Well, Republicans & Democrats in Congress, as well as President Trump, are close to agreeing on CARES Act 4, which is widely assumed to include another round of Economic Impact Payments.
Here's the thing about that: When it comes to gold & silver, it literally is a "buy the news" event.
That is to say, in the world of investing, there are many sayings, such as "sell the news" or "buy the news", and often times that is meant figuratively, corresponding to a certain event having an impact one way or another on the markets. In the case of the Economic Impact Payments, however, the news in and of itself is a direct impact. That is to say, if there are individuals and families who are willing and able to save those payments, then surely many of the people who are smart enough to save are also smart enough to save, not in rapidly devaluing dollars, bur rather, in real money - Gold & Silver. Therefore, once CARES 4 is passed and signed by President Trump, I'm sure another wave of buying will come into gold & silver, especially in light of the second fundamental reason this current correction in Gold & Silver may be shallower in price and shorter in duration than many analysts think.
GOLD GOES MAINSTREAM
Just last Friday, huge news hit the gold community in that Warren Buffett's Berkshire Hathaway took a huge stake in Barrick Gold in the second quarter of this year. The news came in the form of a 13F Filing with the SEC (link), and to sum up the news, the legendary investor, via Berkshire Hathaway, has decided to significantly reduce his exposure to the financial sector, as in the banking sector specifically, and take out a massive stake in Barrick Gold, a gold mining company. MSNBC has an interesting tracker that shows, among other things, the number of shares and values of various holdings. Of note is that the purchase, as of the end of June, was nearly 21,000,000 shares in Barrick Gold, with a value of nearly $650,000,000.

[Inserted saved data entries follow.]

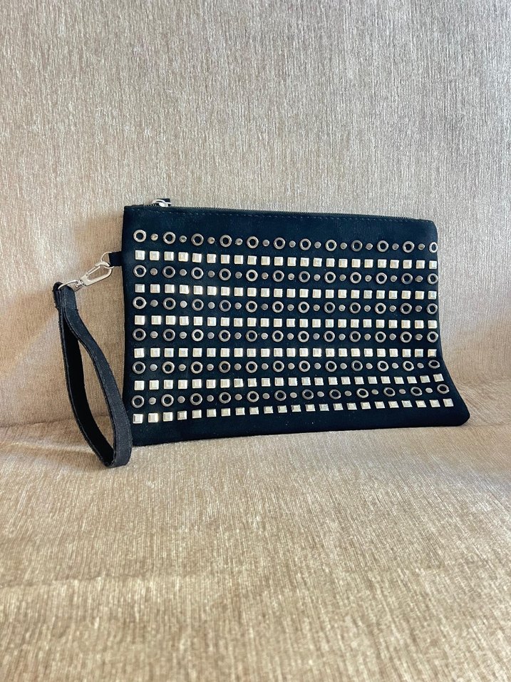 Siyah süet, tokalı ve çeşitli metal aksesuarlarla süslenmiş kadın portföy çanta. Bohem ve çağdaş tarzları bir araya getirir. Günlük kullanıma uygun. sıfır ürün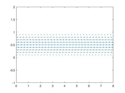 Suponemos que la velocidad del fluido en [math]y=0,1[/math] coincide con los planoes inferior y superior respectivamente, por lo que finalmente llegamos al campo vectorial de velocidades.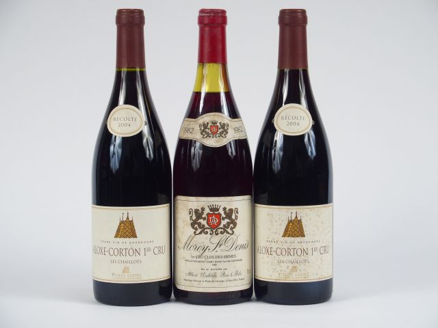3 BOUTEILLES : 2 ALOXE CORTON 1er CRU 'LES CHAILLOTS' 2004 - 1 MOREY ST DENIS A. DABRUN 1982 3 CM

By now, all Gold Bugs & Silver Bugs and most Gold & SIlver Investors know this news, so there's no sense in re-hashing the points here, but suffice to say that Warren Buffett's sudden "about-face" towards gold as if gold were coming out of the closet and gaining widespread mainstream acceptance. After all, if one of the most legendary investors is investing in gold, then if a humble, hard-working saver has some money to invest, well, he or she should not feel bad for investing in gold too. Moreover, the MSM anti-gold propaganda has been thick for many decades, including from Warren Buffett himself, but now, it's agreed that Gold & Silver are rock-solid investments.
Pun and no pun intended.
One final point: These two big fundamental reasons feed off of each other.

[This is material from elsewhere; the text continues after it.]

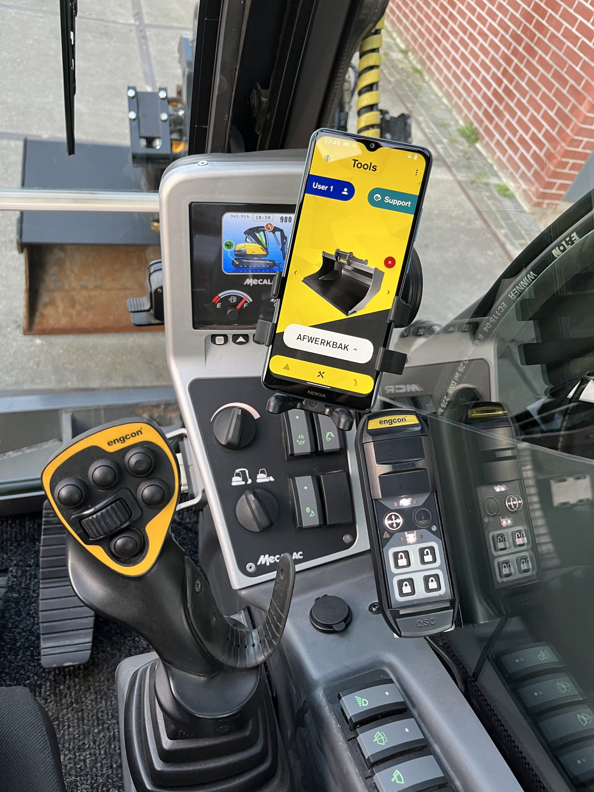 – Engcon QSC snelwissel ontgrendeling.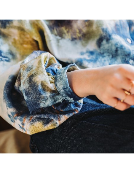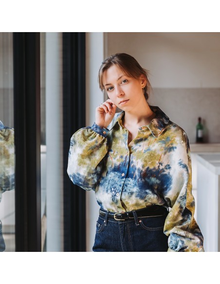 Ce tissu est un mélange de lin et de viscose : le lin lui apporte le toucher naturel que l'on aime tant, et la viscose lui apporte douceur et fluidité.

That is to say, whereas a husband and wife may be deciding how to save or even invest the "free money", it's no longer weird to talk about Gold & Silver.
Not that it ever was.
But then again, I am a Silver Bug, so I'm biased like that.
Silver's bounced off last Tuesday's brutal decline:
A lot of technical analysts are not satisfied with such a fast recovery, and a lot of bulls are indeed nervous that we could be putting in a lower-high.
Granted, if one's investment is physical Gold & Silver in-hand, and not the paper, over-financialized Wall Street markets, then it's a great time to load up on popcorn!
Gold has regained $2000:
Many analysts are attributing the move solely to the Warren Buffett news, but again, if CARES 4 is a "buy the news" event, could it not be argued that we should have some pretty stout support, if not at $2000 then at least above $1900 as a new wave of buyers prepares to come into the Gold market?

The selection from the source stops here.